Tuesday, May 08, 2007

Baseball-Related Despair
The Philadelphia Phillies cause me a lot of misery and countless (well, uncounted) wasted hours every year, but I'm not sure I've ever gotten to the moment of bleak resignation that, yes, they're going to fall short again, as quickly as I have this spring. Barely five weeks into it, I'm waiting for the end. After the usual hope-inducing winter and spring, the team staggered out of the gate to their annual 1-6 start; they rallied to within two games of the .500 mark, then went out on a ten-game road trip that mercifully concludes tomorrow night and fell on their collective face again. Now five games under the break-even point and 6.5 behind both the Mets and Braves--two well-run organizations that aren't going to collapse--the season *feels* over, whether or not it actually is.

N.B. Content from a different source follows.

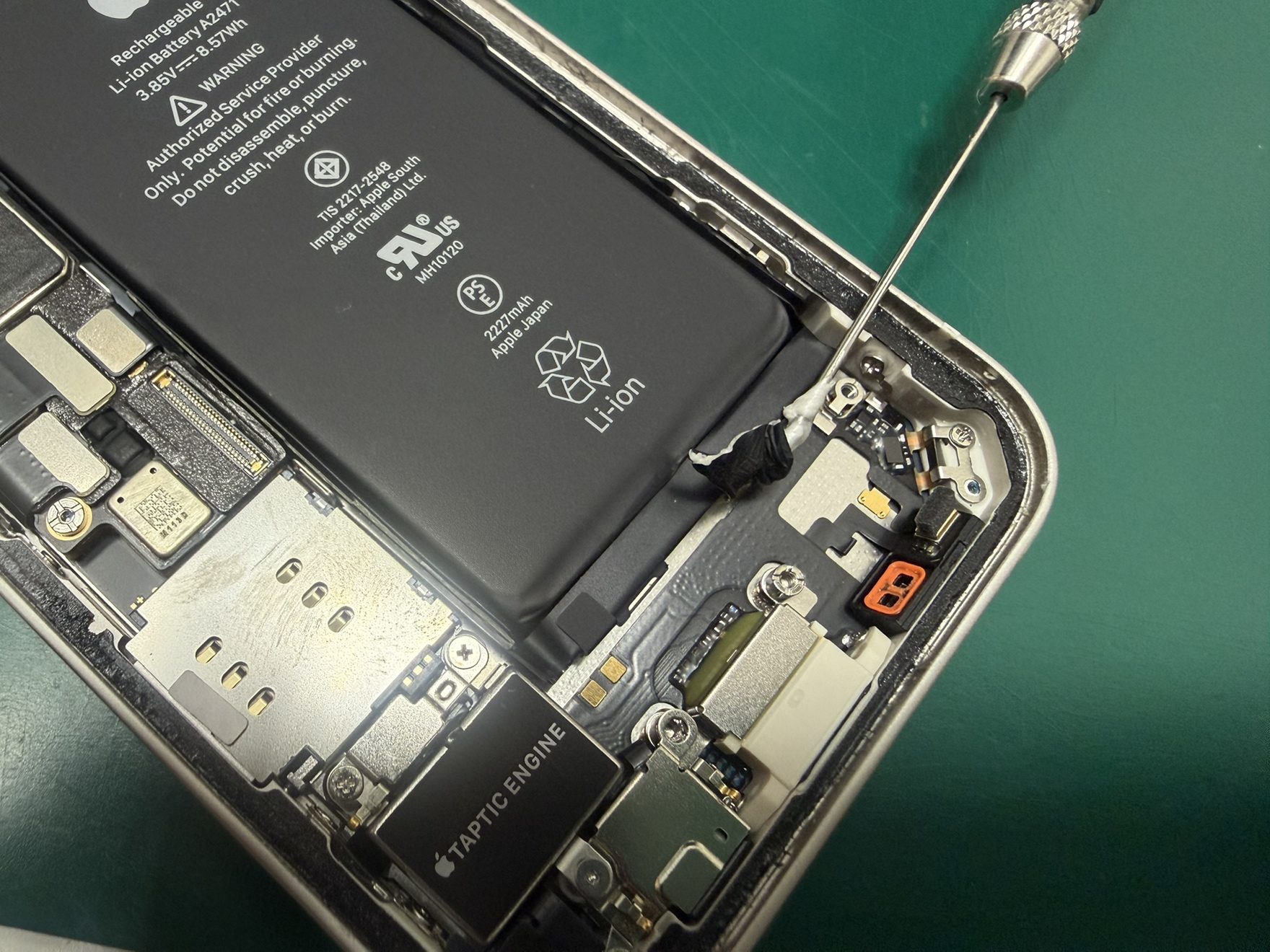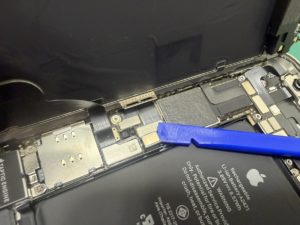 粘着を弱める為、再度パネルヒーターで端末を温めたらピッカーでバッテリーシールを抜き取ります。

Readers of The Good Phight probably have picked up on my despair, but if a man can't fully wallow in the sadomachistic psychological mire of his obsession on his own blog, then where to do it? Here's what's wrong with the Phillies, as I commented on another Phils site Tuesday afternoon:

1) The fish rots from the head, and bad process leads to bad outcomes. The poison unquestionably starts with principal owner Bill Giles, who should be put in jail for what he's done to a great franchise (while making unfathomable money!) since making the purchase in 1981, and team president David Montgomery, who seems sufficiently dumb it's a wonder he can dress himself. Regardless of what you think of Charlie Manuel as a manager (myself, I think he's about average--his positives and negatives more or less cancel out, though right now the negatives are on display given how little margin for idiocy the bench and bullpen give him), he was hired because the team's best player at the time loved him. That's no way to do business. And GM Pat Gillick, though nominally an outsider, seems to be the epitome of the 1970s/early '80s mindset that has suffused the organization ever since.

2. The roster is unbearably top-heavy. I'm working on something for TGP to more fully tell this story, but it's hardly an original observation that this team has about 5-7 really valuable players (Utley, Rollins, Hamels, et al), a similar number who are fine for now (e.g. Geary, Moyer)... and another dozen guys who are stealing money. Incredibly, this has been the case for three years now: an island of excellence in a big lake of stinkola.

3. None of this is likely to change. Great players will emerge, bearing hope, and leave, trailing bitterness. (Sometimes we call this "The Rolen Cycle.") Near-great players will come in and suddenly stink. The front office will be characterized by indifference, proud and belligerent ignorance, and near-transparent contempt for the fans. We only get released when the schmucks sell, and they won't do that until Giles dies, based on his own statements.

Another commenter on that same site offered this bon mot on the Groundhog Season Phillies: "Its beyond heartbreaking. It's just plain tedious."

2 comments:

Anonymous said...

OK, but that was the Cardinals' model last year and now they have bright shiny rings and a flag that will fly forever. We have to keep in mind that no one could reasonably expect Howard to fall off a cliff like this. If Howard performs close to last year's level and one of Myers or Garcia has a strong April, we're probably over .500 and right there with the leaders.

David said...

Well, I think they're 3-0 since I posted this. But Howard is now on the DL, and you can't really get too far with just one decent, non-fried reliever.

Still, I can foresee an unlikely but plausible series of events by which they get back in the race. Assume they tread water or a little better while Howard's out; he comes back full strength and Burrell and Helms have representative seasons, making up for whatever dropoff comes from Rowand; Garcia and Eaton start pitching (or continue to pitch, based on the last 10 days or so) like decent mid-rotation starters rather than quad-A filler, making up for Moyer dropoff, while Hamels and Lieber stay near their current levels; Gordon and Madson come back and are effective setup men for Myers, and/or one of the kids (Rosario, Castro) emerges as a viable option; and the Braves regress to a .520 team rather than a .650 team.

Given all that, there's hope. It's a lot, though, no?